事業は順調に伸びている。売上も上がっている。しかし、組織が追いついていない。優秀な人材を採用したいが、大手企業やメガベンチャーと比べて知名度がない。給与も勝てない。
結果、採用は「運任せ」になる。良い人が「たまたま」応募してくれるのを待つ。エージェントに「たまたま」良い人材がいることを期待する。
しかし、それでは事業成長は止まる。
今回紹介するのは、まさにそうした「採用弱者」だった企業(年商5億、従業員20名)が、半年で新卒3名を採用し、翌年も3名、さらにその翌年も継続的に採用できる組織へと変わった実例だ。
採用のボトルネックを特定する──5段階の採用ファネル
この企業(以下、A社)は典型的な成長企業だった。
売上は前年比130%で伸びている。新規事業も立ち上がりつつある。しかし、組織が追いついていない。社長は採用の必要性を痛感していたが、具体的に何をすればいいのか分からない。
- エージェントに依頼しても、紹介される人材はピンとこない
- 求人媒体に掲載しても、応募がほとんどない
- たまに応募があっても、選考で落ちるか、内定辞退される
「大手には勝てない」 社長はそう諦めかけていた。
しかし、私がCHRO代行として最初に伝えたのは、こうだ。
「採用は、大手と戦う必要はありません。仕組みで勝てます」
私は採用プロセス全体を可視化し、どこにボトルネックがあるのかを特定した。
採用は、以下の5つのステップに分解できる:
- 認知:求職者が会社を知る
- 応募:実際に応募する
- 選考:面接を通過する
- 入社:内定を承諾する
- 定着:入社後、活躍し続ける
この5つを「採用ファネル」と呼ぶ。
A社の問題は、このファネルのすべての段階でボトルネックがあったことだ。
- 認知:そもそも会社を知られていない(求人媒体に載せているだけ)
- 応募:訴求が弱く、魅力が伝わらない
- 選考:評価基準が曖昧で、「なんとなく」で判断
- 入社:内定後のフォローがなく、辞退される
- 定着:オンボーディングがなく、早期離職
大手に勝てないのではない。仕組みがないだけだった。
採用ファネルを設計し直す──中小企業が大手に勝つ5つの打ち手
私は社長と壁打ちしながら、各段階の打ち手を設計した。
打ち手①:認知──「社長の想い」を伝える採用ピッチ資料と動画
大手には知名度で勝てない。しかし、中小・ベンチャーには「社長の顔が見える」という武器がある。

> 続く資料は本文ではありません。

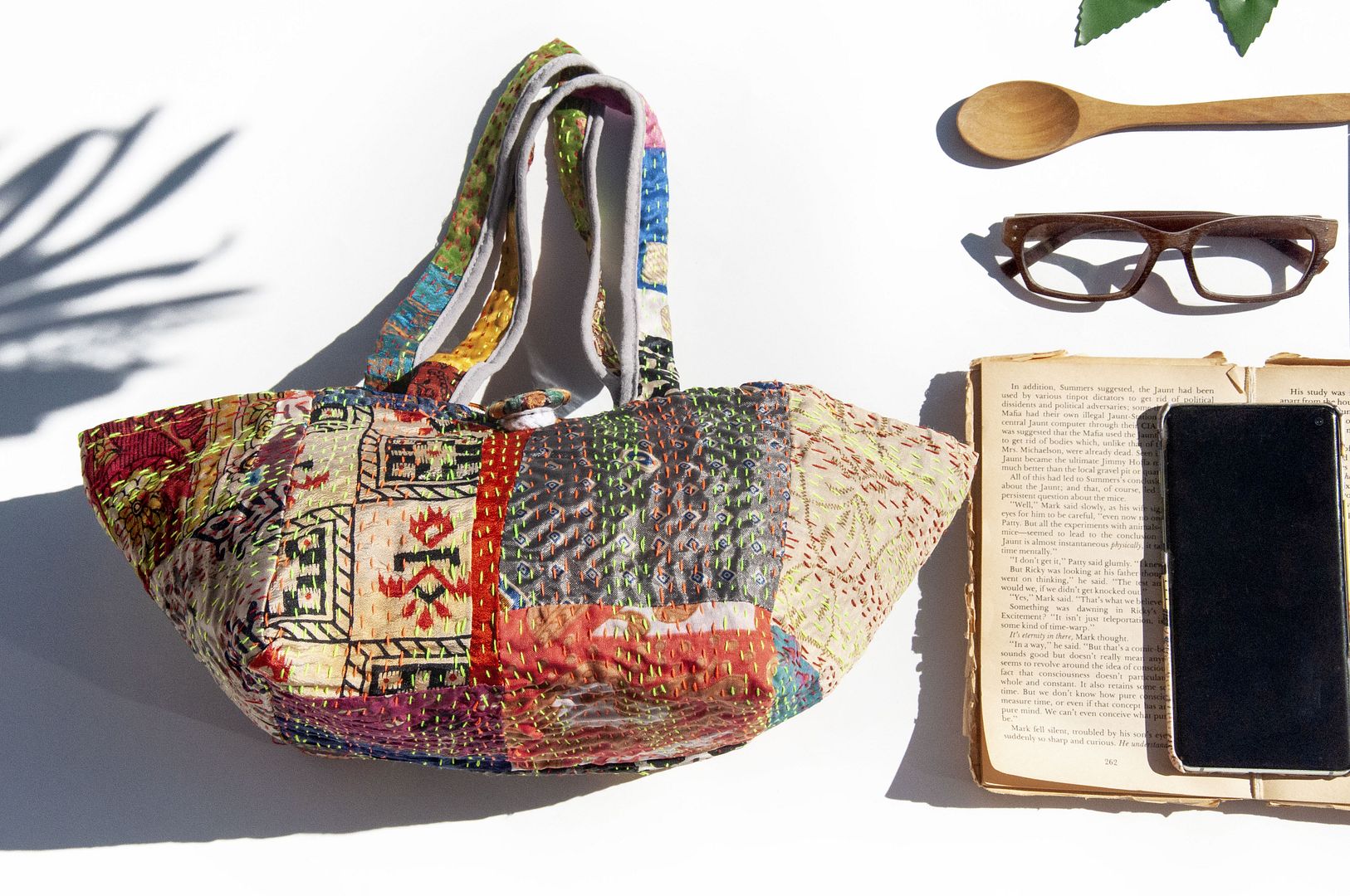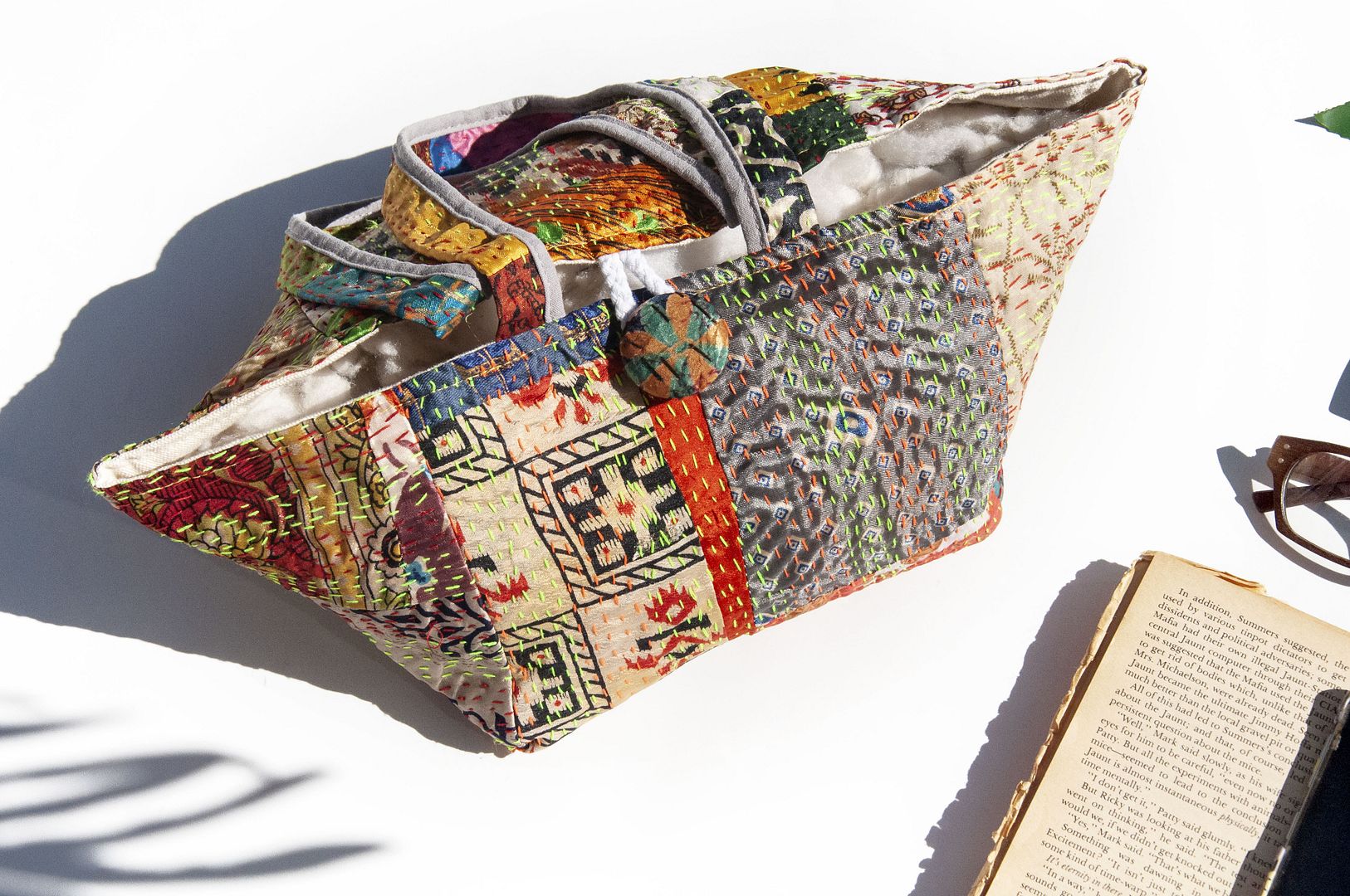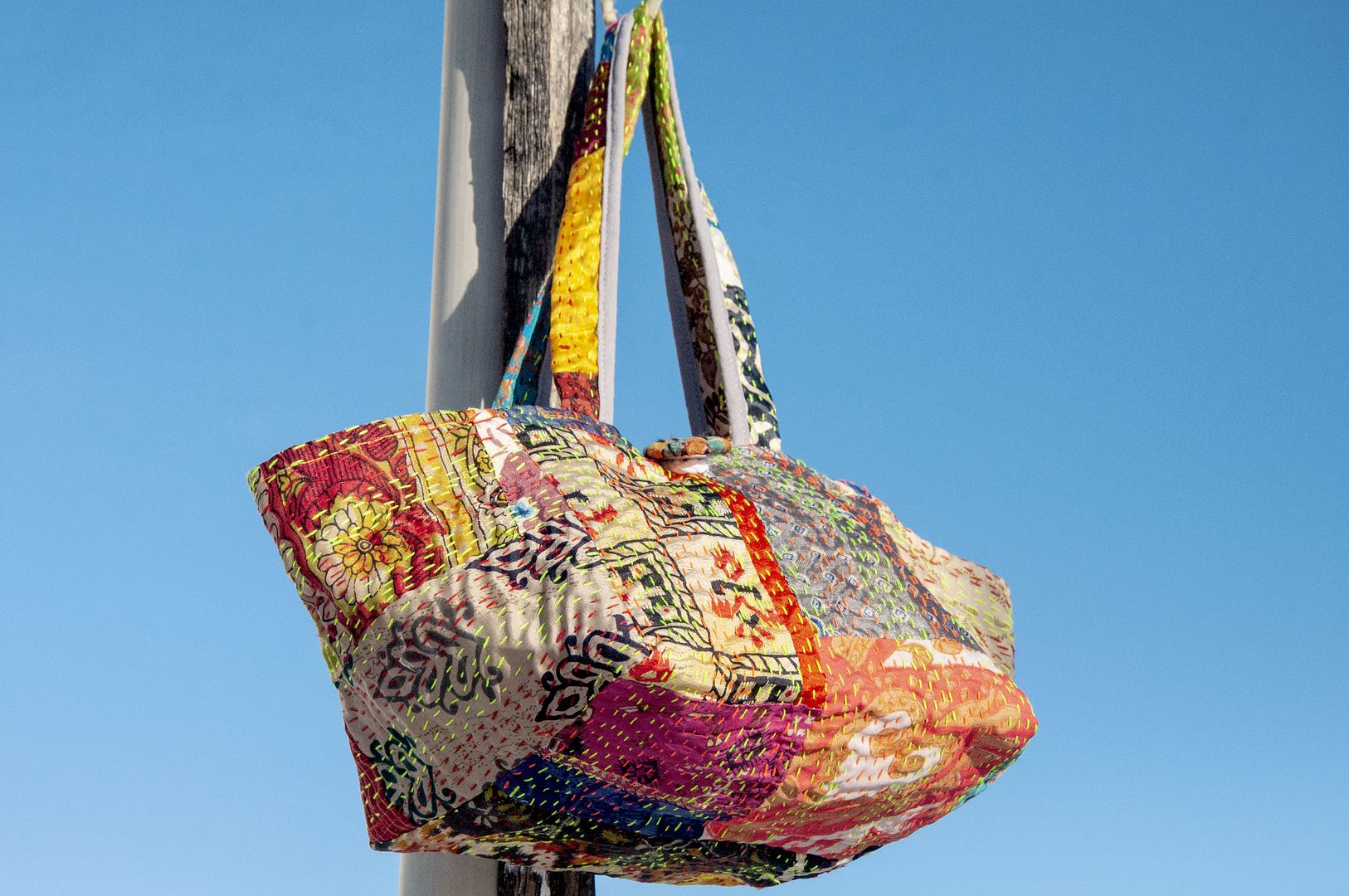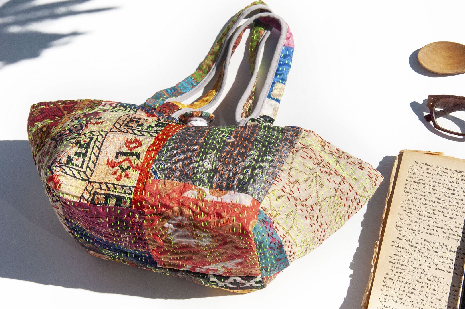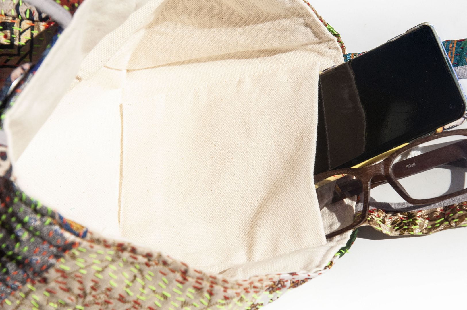 ▲來自印度沙漠地區的gudri刺繡工法,嚴選印度絲質紗麗布+棉線刺繡

私は社長と一緒に、「なぜこの会社で働くのか?」を徹底的に言語化した。ビジョン、ミッション、バリュー、働く魅力、成長機会。
それを1枚のピッチ資料にまとめ、さらに社長自らが語る2分間の採用動画を撮影した。
「大手の歯車になるのではなく、ベンチャーで経営を学びたい人」 「社長と直接働きたい人」
こうしたターゲットには、この動画が刺さった。認知が一気に広がった。
打ち手②:応募──エージェントの新規開拓とリファラル採用制度
既存のエージェント1社だけでは母数が足りない。私は新たに3社のエージェントを開拓し、A社の魅力を丁寧に説明した。
同時に、社員からの紹介(リファラル採用)を制度化した。紹介1名につき10万円のインセンティブを設定。また、会社で働く続ける魅力も改めて言語化するなど、社員が「この会社に友人を紹介したい」と思える環境を整えた。

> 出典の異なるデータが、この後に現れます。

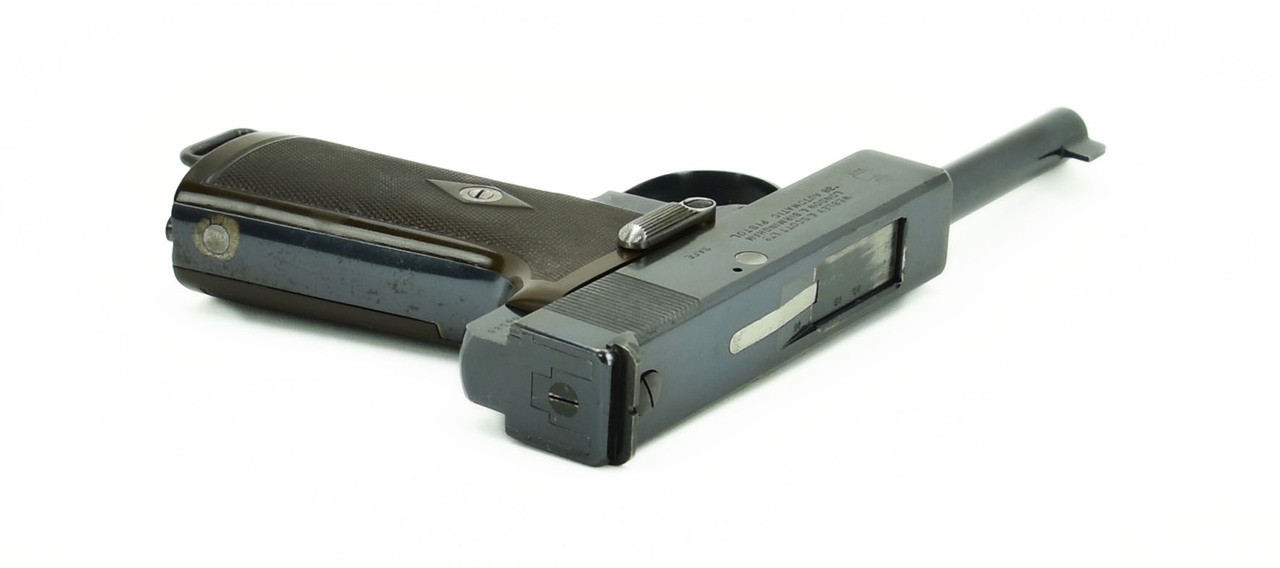 Webley Auto Pistol .38 Auto caliber pistol. This is a model 1910 Webley. It is the last variation on the 1910 model. It is referred to as a Type III. The gun has an excellent bore and excellent grips. The pistol has approximately 85-90% blue with some blue-brown patina on the sides of the slide. The gun rates very good plus overall. The caliber is .38 Auto. It is a scarce low production gun.
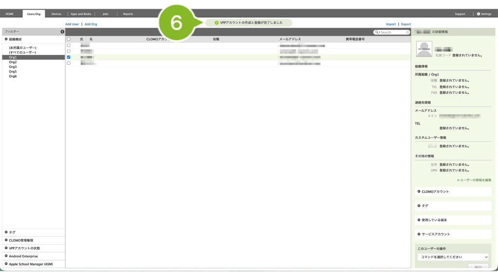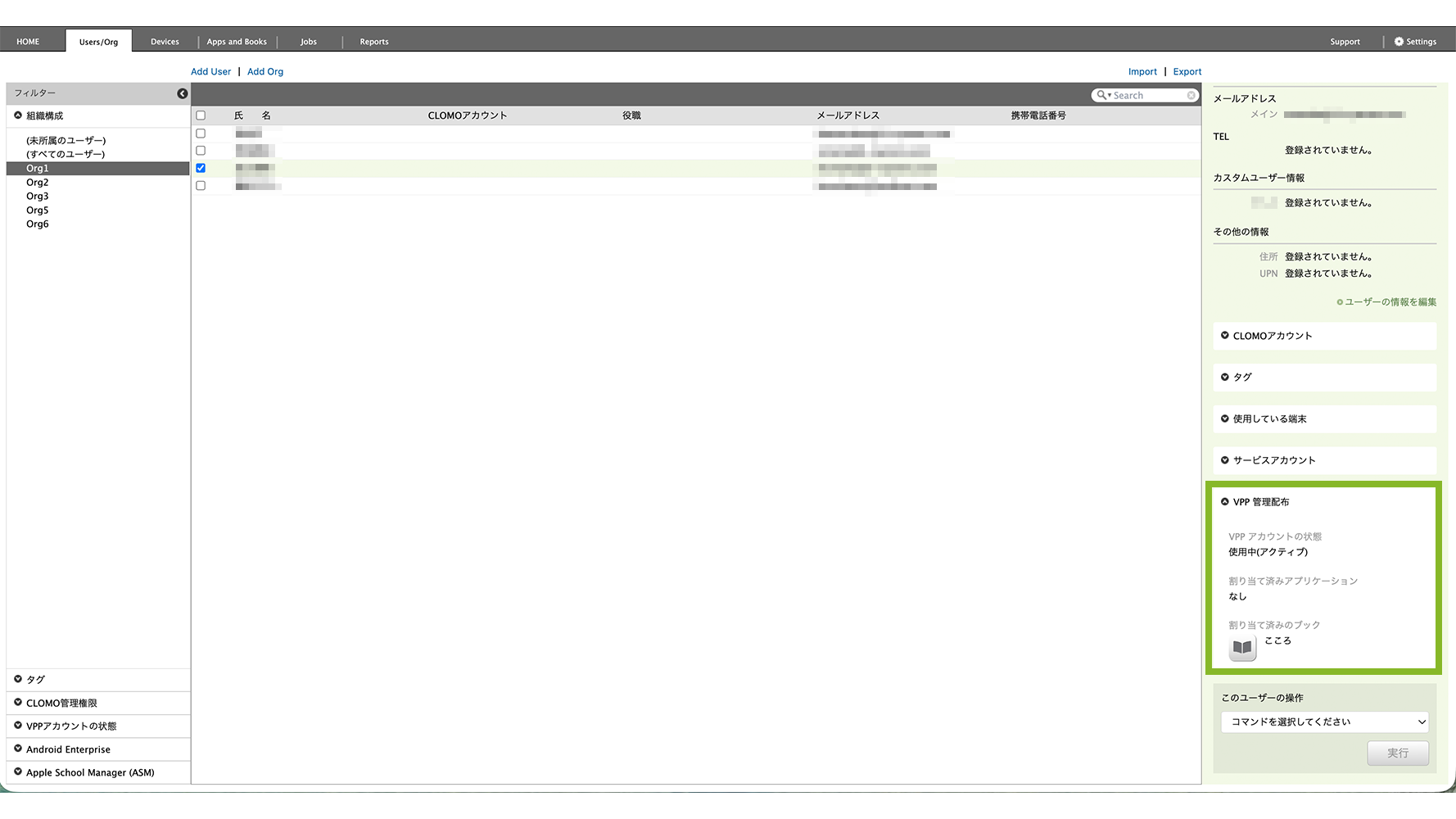 12. ユーザーを再選択して、[コマンドを選択してください]から[VPP アカウントの状態取得]をクリックします。

打ち手③:選考──「行動」で見極める評価基準の明確化
それまでA社の面接は、「なんとなく良さそう」で判断していた。
私は社長と一緒に、求める人材像を「行動」の言葉で定義した。例えば:
- 「主体性」→「締切が危うい時、自らヘルプを取りに行く」
- 「成長意欲」→「業務外で月1冊以上のビジネス書を読んでいる」
こうした具体的な行動レベルに落とし込み、過去の行動事例を深掘りする「行動面接」を導入。見極めの精度が劇的に上がった。
打ち手④:入社──内定者を「仲間」にする内定後フォロー
内定を出した後、放置していては大手に持っていかれる。
私は内定者に対し、週1回のカジュアルな面談を設定。不安を聞き、会社の魅力を再度伝え、入社までのモチベーションを維持した。
さらに、内定者を社内イベントに招待し、「もう仲間だ」という感覚を持ってもらった。
打ち手⑤:定着──入社3ヶ月が勝負のオンボーディング設計
採用は、入社がゴールではない。定着して初めて成功だ。
私は、入社初日から3ヶ月間の「やることリスト」を作成し、誰が・いつ・何をサポートするかを明確にした。
さらに、月1回の1on1を制度化し、早期離職を防いだ。
結果:半年で新卒3名採用、翌年も3名──「運任せ」から「仕組み」へ
これらの打ち手を実行した結果、A社は半年で新卒3名を採用できた。
翌年も3名。さらにその翌年も継続的に採用できる組織へと変わった。
社長はこう語った。
「採用は運だと思っていました。大手には勝てないと。でも、仕組みだったんですね。中小企業でも、ちゃんと採用できるんだと分かりました」
まとめ:中小・ベンチャーは「仕組み」で大手に勝てる
採用弱者を脱するために必要なのは、大金をかけた採用広告でも、有名なエージェントでもない。
採用ファネルの各段階を設計し、ボトルネックを一つずつ潰していくこと。
大手には知名度で勝てない。給与でも勝てない。 しかし、「社長の顔が見える」「成長できる環境」「裁量権」。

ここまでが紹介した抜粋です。